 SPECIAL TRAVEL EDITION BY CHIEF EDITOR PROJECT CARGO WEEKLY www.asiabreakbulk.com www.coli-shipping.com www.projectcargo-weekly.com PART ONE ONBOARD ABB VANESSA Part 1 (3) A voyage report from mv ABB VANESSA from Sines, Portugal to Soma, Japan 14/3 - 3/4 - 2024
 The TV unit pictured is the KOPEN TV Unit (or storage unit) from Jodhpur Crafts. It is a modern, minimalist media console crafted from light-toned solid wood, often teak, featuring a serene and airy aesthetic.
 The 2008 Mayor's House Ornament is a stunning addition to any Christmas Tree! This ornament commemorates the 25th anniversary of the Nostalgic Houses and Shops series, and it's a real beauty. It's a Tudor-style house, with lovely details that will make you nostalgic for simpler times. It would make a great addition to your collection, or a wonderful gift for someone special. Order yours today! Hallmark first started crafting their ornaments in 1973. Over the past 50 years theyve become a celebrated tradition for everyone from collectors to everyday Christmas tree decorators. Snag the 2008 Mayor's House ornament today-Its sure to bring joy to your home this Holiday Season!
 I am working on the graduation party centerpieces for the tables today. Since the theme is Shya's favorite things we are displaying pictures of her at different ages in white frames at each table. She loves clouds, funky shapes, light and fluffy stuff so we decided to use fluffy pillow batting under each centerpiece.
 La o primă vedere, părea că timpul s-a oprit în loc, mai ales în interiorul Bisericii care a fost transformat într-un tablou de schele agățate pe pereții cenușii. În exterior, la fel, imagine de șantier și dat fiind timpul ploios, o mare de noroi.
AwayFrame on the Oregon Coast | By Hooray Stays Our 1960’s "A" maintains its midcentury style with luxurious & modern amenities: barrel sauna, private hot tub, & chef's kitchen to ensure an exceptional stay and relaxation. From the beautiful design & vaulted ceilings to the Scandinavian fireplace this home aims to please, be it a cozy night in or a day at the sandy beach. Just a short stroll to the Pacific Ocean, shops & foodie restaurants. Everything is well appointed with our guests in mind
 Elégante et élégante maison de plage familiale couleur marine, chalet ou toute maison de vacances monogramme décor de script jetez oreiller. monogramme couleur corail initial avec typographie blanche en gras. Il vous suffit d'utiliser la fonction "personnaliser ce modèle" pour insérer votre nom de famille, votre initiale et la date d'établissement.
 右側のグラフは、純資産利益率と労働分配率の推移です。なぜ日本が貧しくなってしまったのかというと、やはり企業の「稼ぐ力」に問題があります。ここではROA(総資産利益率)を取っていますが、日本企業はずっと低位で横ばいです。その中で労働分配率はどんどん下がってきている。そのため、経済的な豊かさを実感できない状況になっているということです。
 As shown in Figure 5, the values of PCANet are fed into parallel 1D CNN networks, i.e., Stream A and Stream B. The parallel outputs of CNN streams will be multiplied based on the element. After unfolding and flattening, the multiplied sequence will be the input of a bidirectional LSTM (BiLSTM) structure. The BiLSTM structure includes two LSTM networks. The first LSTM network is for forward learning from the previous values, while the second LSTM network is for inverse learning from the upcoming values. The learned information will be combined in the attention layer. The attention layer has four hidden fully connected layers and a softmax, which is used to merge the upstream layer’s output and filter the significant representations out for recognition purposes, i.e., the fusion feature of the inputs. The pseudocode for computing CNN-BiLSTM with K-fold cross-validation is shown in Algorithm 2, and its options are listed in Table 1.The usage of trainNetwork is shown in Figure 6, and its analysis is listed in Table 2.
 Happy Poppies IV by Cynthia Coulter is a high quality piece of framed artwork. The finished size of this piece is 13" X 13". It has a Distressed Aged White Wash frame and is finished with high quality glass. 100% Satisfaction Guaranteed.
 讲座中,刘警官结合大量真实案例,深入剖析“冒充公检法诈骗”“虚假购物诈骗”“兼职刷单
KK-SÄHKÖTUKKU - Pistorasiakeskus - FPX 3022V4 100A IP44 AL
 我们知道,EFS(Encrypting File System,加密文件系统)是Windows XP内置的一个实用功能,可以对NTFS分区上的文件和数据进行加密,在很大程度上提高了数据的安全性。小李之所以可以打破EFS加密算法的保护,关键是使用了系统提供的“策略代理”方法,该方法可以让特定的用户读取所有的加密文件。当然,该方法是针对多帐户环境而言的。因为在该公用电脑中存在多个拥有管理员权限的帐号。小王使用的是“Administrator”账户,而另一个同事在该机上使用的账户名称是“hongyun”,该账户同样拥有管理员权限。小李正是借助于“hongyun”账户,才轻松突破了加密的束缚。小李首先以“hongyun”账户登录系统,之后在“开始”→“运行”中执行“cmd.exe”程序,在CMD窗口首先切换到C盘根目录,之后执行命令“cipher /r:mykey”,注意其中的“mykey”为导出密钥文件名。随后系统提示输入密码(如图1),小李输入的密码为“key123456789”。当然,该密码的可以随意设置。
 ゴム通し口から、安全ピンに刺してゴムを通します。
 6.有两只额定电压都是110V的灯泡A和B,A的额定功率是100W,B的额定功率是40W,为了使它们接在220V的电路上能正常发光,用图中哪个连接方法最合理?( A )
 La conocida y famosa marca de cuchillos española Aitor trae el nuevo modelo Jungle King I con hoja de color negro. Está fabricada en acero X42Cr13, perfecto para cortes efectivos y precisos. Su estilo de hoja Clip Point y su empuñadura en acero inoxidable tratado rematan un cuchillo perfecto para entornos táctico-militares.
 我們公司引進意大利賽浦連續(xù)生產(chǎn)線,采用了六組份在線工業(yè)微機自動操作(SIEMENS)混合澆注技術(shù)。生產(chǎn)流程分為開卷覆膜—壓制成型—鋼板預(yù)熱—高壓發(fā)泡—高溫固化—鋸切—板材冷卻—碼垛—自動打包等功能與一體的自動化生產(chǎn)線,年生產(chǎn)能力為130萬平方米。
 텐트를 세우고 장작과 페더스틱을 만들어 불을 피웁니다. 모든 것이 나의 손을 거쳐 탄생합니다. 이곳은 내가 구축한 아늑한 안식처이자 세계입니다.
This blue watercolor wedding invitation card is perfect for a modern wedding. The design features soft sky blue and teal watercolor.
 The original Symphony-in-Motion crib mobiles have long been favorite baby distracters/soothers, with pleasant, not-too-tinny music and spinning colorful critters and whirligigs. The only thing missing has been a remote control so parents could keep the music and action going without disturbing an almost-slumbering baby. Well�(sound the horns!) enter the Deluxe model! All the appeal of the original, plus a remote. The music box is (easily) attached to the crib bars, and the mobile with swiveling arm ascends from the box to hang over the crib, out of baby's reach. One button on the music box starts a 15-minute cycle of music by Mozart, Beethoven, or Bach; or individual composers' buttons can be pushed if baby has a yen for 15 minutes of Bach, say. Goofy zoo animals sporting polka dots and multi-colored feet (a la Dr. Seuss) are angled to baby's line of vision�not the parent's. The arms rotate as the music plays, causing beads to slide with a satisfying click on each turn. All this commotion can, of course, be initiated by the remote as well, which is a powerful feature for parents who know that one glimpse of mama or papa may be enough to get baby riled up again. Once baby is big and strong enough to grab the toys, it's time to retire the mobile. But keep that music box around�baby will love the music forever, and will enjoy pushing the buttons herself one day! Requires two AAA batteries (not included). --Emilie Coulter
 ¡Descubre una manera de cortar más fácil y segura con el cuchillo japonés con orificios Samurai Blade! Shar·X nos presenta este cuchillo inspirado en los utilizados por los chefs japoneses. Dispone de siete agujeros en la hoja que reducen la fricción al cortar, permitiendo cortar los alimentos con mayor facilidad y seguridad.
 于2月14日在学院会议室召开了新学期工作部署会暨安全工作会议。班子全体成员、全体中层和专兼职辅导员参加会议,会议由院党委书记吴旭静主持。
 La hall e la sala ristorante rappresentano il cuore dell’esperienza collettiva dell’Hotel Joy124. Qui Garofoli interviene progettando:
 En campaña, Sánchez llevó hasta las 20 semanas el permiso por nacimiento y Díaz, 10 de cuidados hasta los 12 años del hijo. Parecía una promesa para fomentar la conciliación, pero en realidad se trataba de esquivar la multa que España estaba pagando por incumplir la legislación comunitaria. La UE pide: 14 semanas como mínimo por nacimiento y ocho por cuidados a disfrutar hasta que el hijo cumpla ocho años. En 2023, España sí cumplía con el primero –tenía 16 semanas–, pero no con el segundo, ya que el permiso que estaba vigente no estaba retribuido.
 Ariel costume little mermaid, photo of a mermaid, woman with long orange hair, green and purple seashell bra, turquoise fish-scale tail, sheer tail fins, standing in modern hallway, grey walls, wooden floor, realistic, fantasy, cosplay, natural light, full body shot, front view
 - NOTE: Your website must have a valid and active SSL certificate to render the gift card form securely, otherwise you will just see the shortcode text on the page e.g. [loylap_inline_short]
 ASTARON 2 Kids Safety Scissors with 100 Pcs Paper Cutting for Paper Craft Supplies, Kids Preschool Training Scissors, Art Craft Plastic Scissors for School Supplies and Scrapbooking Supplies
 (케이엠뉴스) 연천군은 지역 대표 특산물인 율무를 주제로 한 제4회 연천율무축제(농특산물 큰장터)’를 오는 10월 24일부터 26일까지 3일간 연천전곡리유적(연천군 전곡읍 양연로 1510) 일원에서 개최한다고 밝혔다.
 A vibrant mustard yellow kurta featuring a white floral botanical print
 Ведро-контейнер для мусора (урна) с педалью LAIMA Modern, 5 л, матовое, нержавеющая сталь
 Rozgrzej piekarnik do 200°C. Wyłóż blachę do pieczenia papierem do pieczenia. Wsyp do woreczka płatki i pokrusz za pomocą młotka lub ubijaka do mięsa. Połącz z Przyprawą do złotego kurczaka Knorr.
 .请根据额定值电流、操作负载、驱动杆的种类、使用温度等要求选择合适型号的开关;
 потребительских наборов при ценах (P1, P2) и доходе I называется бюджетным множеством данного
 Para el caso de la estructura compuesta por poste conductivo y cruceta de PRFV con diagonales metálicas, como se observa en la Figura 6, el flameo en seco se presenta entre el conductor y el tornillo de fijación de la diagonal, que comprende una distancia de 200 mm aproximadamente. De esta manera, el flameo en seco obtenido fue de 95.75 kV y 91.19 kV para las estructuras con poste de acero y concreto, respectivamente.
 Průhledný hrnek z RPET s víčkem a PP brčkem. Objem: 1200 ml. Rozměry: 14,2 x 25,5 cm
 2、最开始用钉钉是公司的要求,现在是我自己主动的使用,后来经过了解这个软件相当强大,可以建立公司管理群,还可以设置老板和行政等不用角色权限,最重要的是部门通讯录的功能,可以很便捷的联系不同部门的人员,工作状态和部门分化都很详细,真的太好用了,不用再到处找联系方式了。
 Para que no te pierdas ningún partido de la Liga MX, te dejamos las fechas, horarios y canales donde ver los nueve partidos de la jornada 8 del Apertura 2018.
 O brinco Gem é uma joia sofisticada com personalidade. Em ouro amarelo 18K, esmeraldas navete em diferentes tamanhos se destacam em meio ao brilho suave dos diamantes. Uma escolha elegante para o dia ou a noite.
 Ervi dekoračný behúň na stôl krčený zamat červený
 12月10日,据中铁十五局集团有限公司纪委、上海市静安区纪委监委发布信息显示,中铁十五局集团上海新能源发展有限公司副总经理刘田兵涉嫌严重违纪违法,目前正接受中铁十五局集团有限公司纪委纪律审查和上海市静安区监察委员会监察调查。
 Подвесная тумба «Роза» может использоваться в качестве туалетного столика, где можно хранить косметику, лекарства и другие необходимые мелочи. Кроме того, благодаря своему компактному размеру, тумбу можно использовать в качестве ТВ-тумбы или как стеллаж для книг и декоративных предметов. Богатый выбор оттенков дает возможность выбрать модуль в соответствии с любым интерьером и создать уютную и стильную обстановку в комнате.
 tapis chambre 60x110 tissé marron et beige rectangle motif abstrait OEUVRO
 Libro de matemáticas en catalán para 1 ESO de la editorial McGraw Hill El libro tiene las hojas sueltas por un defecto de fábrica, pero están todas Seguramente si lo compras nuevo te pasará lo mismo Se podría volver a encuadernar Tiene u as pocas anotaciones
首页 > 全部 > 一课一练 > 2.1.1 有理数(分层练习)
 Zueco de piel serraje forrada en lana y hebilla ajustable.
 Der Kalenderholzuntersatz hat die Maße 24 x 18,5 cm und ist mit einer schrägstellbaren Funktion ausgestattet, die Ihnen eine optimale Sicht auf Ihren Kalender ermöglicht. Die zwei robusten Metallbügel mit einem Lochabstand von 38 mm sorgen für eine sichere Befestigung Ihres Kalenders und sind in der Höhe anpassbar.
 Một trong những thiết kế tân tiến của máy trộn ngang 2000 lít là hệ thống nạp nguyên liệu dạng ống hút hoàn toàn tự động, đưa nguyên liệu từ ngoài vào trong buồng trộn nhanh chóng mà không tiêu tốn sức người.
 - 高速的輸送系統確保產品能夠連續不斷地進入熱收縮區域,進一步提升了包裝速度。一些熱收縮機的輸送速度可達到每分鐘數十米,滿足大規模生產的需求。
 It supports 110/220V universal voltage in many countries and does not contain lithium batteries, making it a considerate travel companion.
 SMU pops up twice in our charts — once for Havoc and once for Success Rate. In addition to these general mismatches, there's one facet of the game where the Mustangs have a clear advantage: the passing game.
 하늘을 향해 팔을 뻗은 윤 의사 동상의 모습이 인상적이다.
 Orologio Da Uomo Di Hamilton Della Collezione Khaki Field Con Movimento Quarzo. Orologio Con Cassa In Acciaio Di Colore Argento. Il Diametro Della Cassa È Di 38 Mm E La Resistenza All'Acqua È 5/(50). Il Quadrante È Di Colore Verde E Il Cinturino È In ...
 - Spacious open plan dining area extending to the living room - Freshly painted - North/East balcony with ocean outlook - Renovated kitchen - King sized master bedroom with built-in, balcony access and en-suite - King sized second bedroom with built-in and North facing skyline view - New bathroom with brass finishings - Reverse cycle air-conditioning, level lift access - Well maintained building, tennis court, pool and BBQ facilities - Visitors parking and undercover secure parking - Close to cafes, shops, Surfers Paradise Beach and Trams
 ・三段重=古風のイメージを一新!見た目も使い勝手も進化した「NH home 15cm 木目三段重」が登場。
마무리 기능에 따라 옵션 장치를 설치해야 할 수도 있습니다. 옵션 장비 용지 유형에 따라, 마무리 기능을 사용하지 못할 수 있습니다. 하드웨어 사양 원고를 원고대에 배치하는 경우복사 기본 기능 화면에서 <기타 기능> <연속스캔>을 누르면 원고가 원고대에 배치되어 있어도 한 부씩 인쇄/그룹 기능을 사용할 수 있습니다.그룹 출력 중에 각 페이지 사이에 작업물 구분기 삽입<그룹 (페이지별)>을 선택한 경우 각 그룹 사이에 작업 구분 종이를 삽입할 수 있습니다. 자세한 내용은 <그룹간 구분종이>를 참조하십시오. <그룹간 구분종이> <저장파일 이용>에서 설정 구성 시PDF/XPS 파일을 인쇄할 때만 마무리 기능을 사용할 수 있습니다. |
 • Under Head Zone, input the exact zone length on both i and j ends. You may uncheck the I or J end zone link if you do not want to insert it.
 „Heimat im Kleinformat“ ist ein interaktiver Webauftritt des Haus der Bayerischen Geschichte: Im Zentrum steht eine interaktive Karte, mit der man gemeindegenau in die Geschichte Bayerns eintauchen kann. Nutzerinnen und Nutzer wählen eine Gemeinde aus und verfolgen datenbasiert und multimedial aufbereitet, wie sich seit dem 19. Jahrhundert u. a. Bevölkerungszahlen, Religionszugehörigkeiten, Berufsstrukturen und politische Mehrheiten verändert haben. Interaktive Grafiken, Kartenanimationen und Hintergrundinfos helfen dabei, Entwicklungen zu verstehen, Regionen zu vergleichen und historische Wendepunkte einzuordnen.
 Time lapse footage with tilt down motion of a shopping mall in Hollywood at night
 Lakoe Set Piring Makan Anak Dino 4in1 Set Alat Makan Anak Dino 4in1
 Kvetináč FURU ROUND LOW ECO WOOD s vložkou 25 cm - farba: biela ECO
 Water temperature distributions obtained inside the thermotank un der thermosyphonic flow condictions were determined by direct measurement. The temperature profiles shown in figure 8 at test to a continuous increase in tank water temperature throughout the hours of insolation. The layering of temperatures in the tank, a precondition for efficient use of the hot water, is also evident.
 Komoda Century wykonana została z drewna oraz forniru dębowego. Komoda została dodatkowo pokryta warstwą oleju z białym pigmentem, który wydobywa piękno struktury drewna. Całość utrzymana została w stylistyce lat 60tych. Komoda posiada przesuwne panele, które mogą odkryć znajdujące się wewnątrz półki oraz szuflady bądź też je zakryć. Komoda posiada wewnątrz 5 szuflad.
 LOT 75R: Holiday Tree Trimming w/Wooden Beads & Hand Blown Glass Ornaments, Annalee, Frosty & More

########

◆ Exercise description ◆
The lines above starting at the one that contains "A vibrant mustard" and ending at the one that contains "Průhledný hrnek z" must be transcribed exactly, and no other lines may appear.

◆ Answer ◆
 A vibrant mustard yellow kurta featuring a white floral botanical print
 Ведро-контейнер для мусора (урна) с педалью LAIMA Modern, 5 л, матовое, нержавеющая сталь
 Rozgrzej piekarnik do 200°C. Wyłóż blachę do pieczenia papierem do pieczenia. Wsyp do woreczka płatki i pokrusz za pomocą młotka lub ubijaka do mięsa. Połącz z Przyprawą do złotego kurczaka Knorr.
 .请根据额定值电流、操作负载、驱动杆的种类、使用温度等要求选择合适型号的开关;
 потребительских наборов при ценах (P1, P2) и доходе I называется бюджетным множеством данного
 Para el caso de la estructura compuesta por poste conductivo y cruceta de PRFV con diagonales metálicas, como se observa en la Figura 6, el flameo en seco se presenta entre el conductor y el tornillo de fijación de la diagonal, que comprende una distancia de 200 mm aproximadamente. De esta manera, el flameo en seco obtenido fue de 95.75 kV y 91.19 kV para las estructuras con poste de acero y concreto, respectivamente.
 Průhledný hrnek z RPET s víčkem a PP brčkem. Objem: 1200 ml. Rozměry: 14,2 x 25,5 cm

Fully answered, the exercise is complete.